I guess its about trying to objectivly assess each situation and whether or not you want "guranteed outcome climbing" which is fine (but I think less rewarding).
 Michael Ryan 14 Aug 2007
In reply to bendurance:

Hi bendurance,

Glad you posted that as some above got the wrong end of the stick, although you did clearly state in your initial post that you fell whilst going for it and didn't jump.

Great posts.

Thank you.

Mick
Removed User 14 Aug 2007
In reply to Offwidth:

Sadly I'd have to agree. The Mall at Millstone felt a good bit harder & thats only VS4c.

Ditto Fern Crack.
 climbingpixie 14 Aug 2007
In reply to bendurance:

> I should clarify I wasnt intending to lob off each time, just a combination of pushing my limit and not having climbed much recently. Neither is falling the aim here - but climbing with 100% commitment and reaching my potential definitely is.

That's a good attitude to have. Not committing fully to moves makes you more likely to fall off and stops you from being able to climb at your limit. Though I've only taken a few falls they gave me more confidence in my gear and I'm happier now to embark on committing sequences, knowing that I have good protection in (obviously usual disclaimers apply about poor gear/potential things to hit etc).
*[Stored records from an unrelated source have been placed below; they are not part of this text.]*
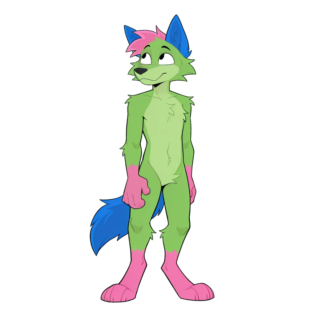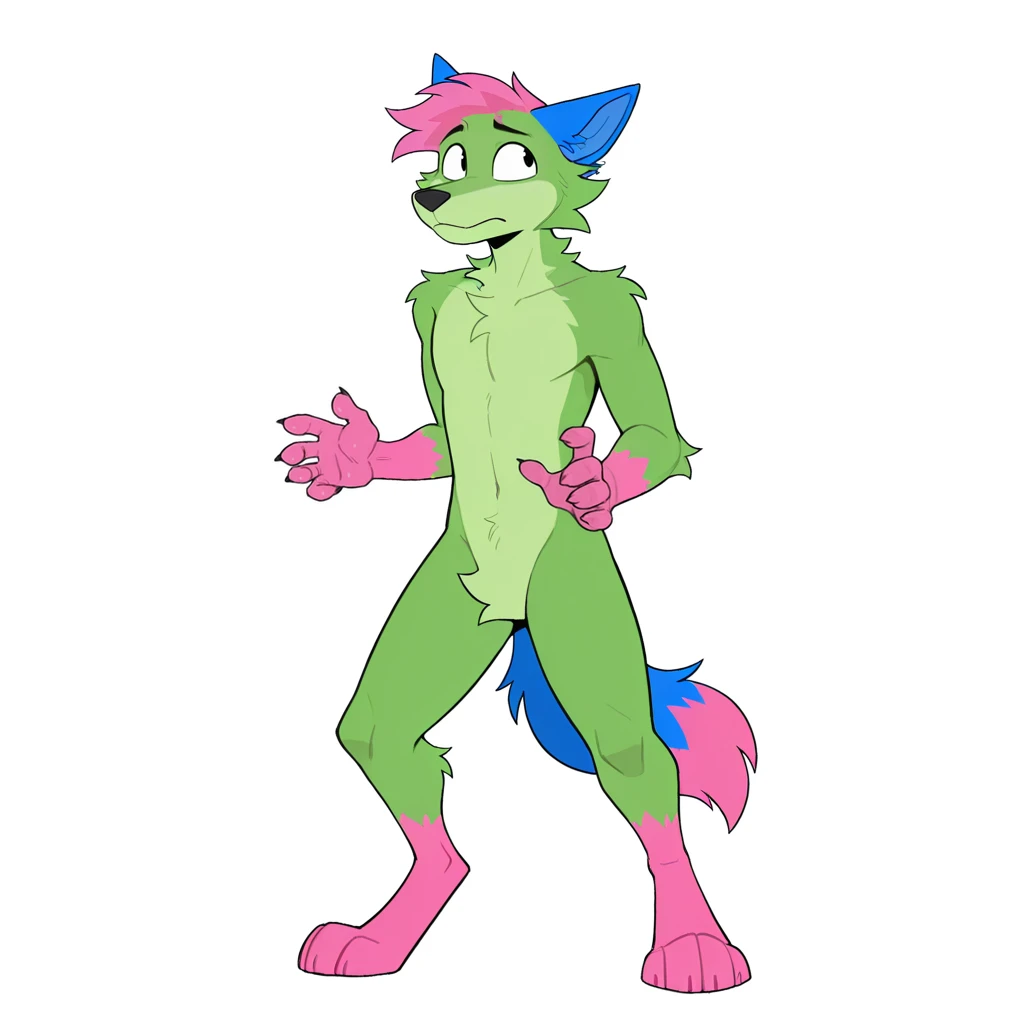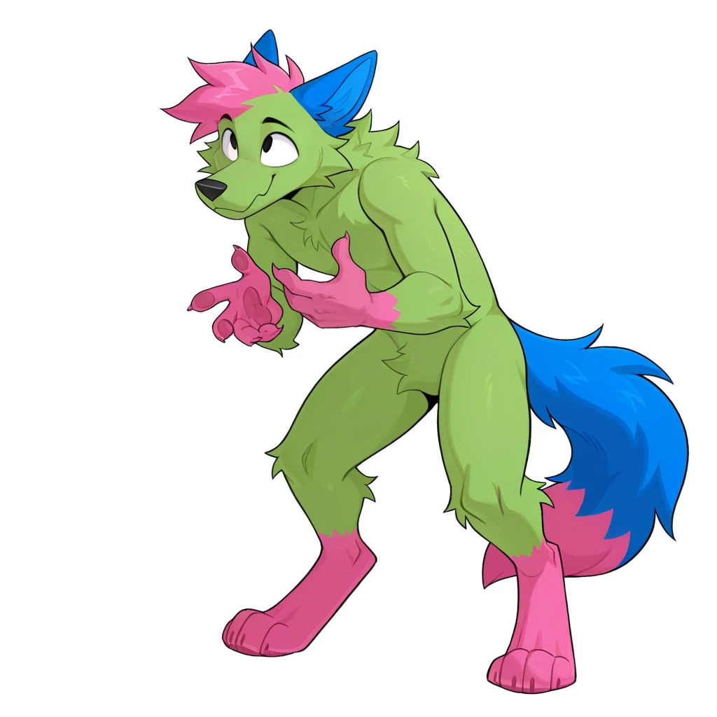 donttouchmypizza, kevin (nyanwolf), canine, green body, pink head tuft, blue ears, black eyes, pink hands, paws, pink feet, pink tail tip, blue tail
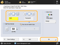 To superimpose the form image without adjusting the density, press <Solid>. To superimpose the form image with the density decreased, press <Transparent> and adjust the density.
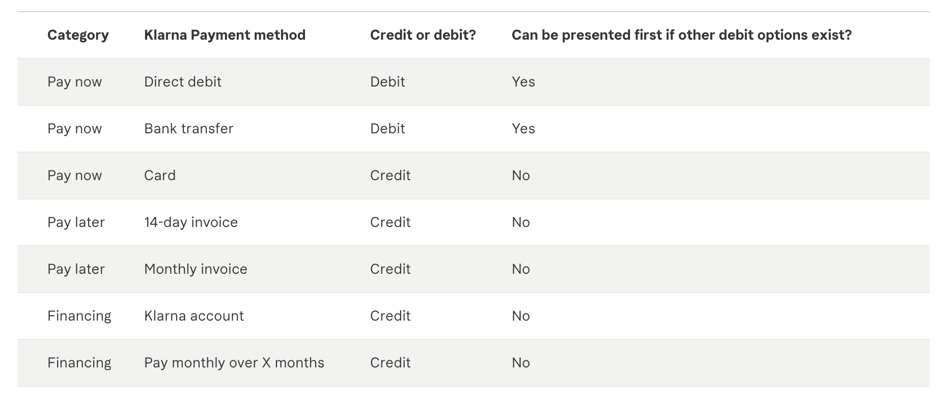 Below is an overview of Klarna payment methods, and how each categorizes in terms of credit or debit options.
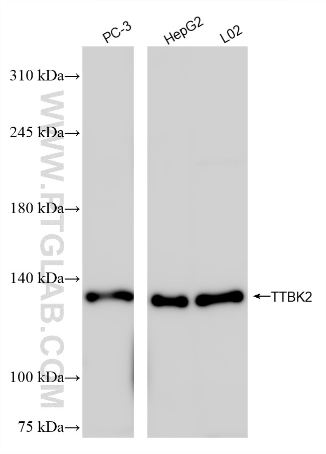 The TTBK2 antibody from Proteintech is a rabbit recombinant antibody to a fusion protein of human TTBK2. This antibody recognizes human antigen. The TTBK2 antibody has been validated for the following applications: WB, ELISA analysis.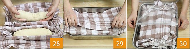 Legen Sie die Stangen jeweils auf ein Geschirrtuch 28, bestäuben Sie sie mit reichlich Hartweizengrieß und schließen Sie die Ränder der Geschirrtücher, um die Brote zu bedecken 29. Decken Sie das Blech locker mit Frischhaltefolie ab (nicht zu eng, sonst bleibt kein Platz für die Gärung) oder stecken Sie es in einen geräumigen Lebensmittelbeutel 30. Das cafone Brot muss 8-10 Stunden gehen.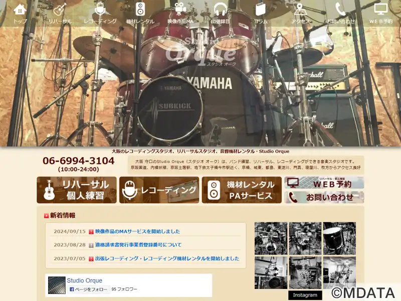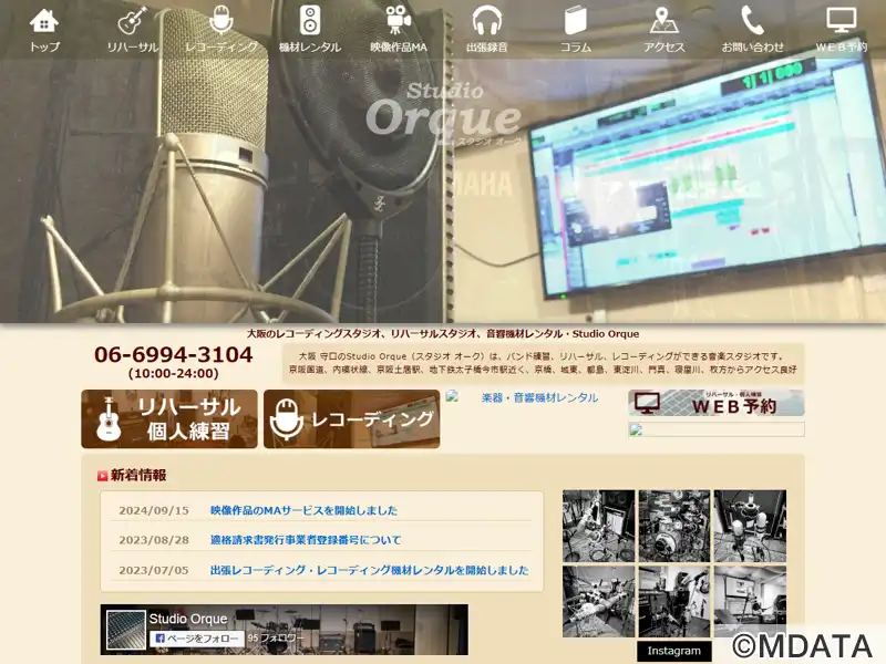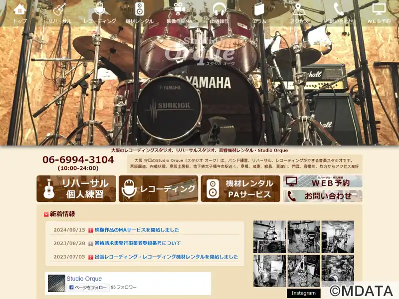 大阪守口に位置する音楽スタジオ。バンドリハーサル、個人練習、ProToolsによるレコーディングなど、多様な音楽制作のニーズに対応。独自の視点でデザインされた、自由で快適な音楽制作環境を提供している。スタジオ内には吸音壁と反射壁、アンプ、ドラムなどの定番機材、無料で使用できる楽器、備品も豊富に揃っている。また、音響機材レンタル、PAサービスやオペレータ派遣なども提供し、音楽イベントのサポートも行う。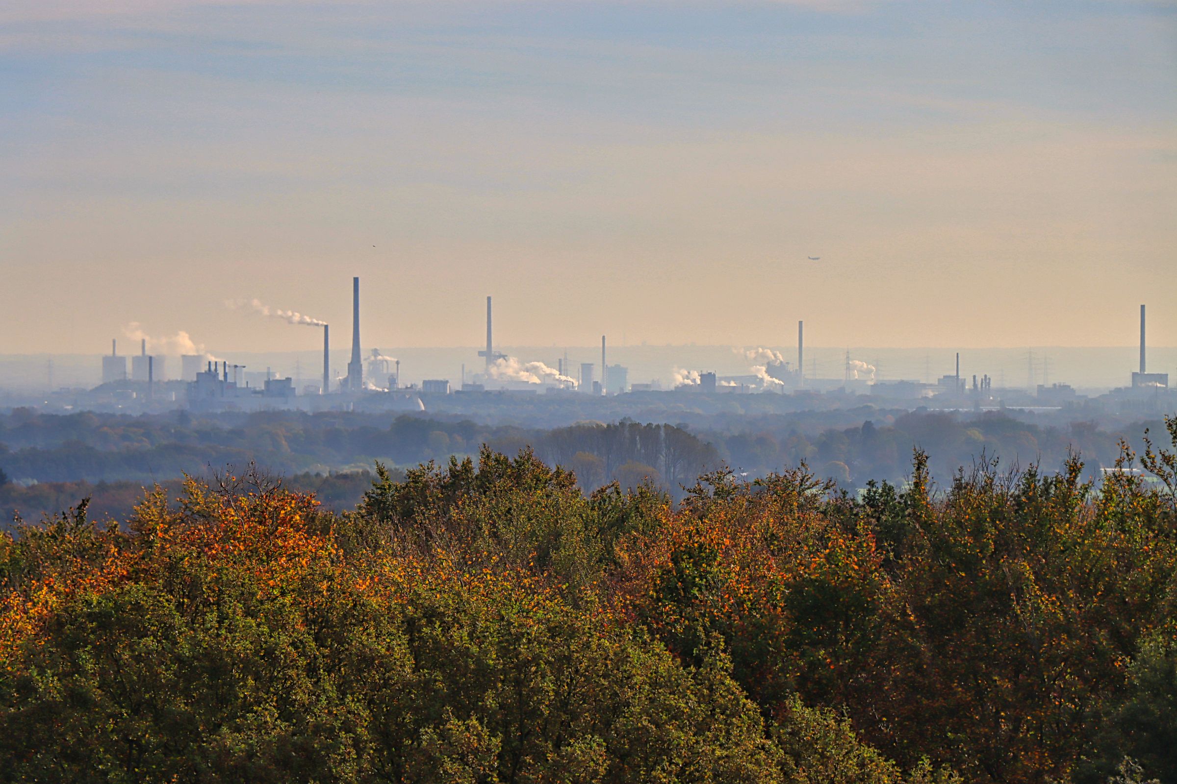 Blauer Himmel wirkt schon Wunder auf Fotos auch wenn am Vormittag ein paar Schleierwolken über den Himmel zogen. Der Blick geht in Richtung Westen über den recht flachen Niederrhein, so flach, daß ich nicht urteilen kann bis wohin. Richtung Osten und Südosten hingegen kann man (an dem Vormittag etwas im Nebel) Düsseldorf erkennen, das ehemalige Bergwerk West (jetzt Zechenpark) Neukirchen-Vluyn, das Kraftwerk Walsum, die Kokerei Schwelgern in Duisburg und mehr.

It's helped me climb harder but more importantly I get more satisfaction from doing a route at the top of my ability than one within my comfort zone.
 Swig 15 Aug 2007
In reply to Removed User:

Ah, but fern crack (rightly) gets HVS in the new stanage guide.

joint effort is at the lower end of the HVS grade and most VSs on lime are towards the top of the grade (mainly due to being polished to f**k).
 tommyzero 15 Aug 2007
In reply to bendurance:

Uh oh. 'Cure'.

Where is Richard Dawkins when you need him?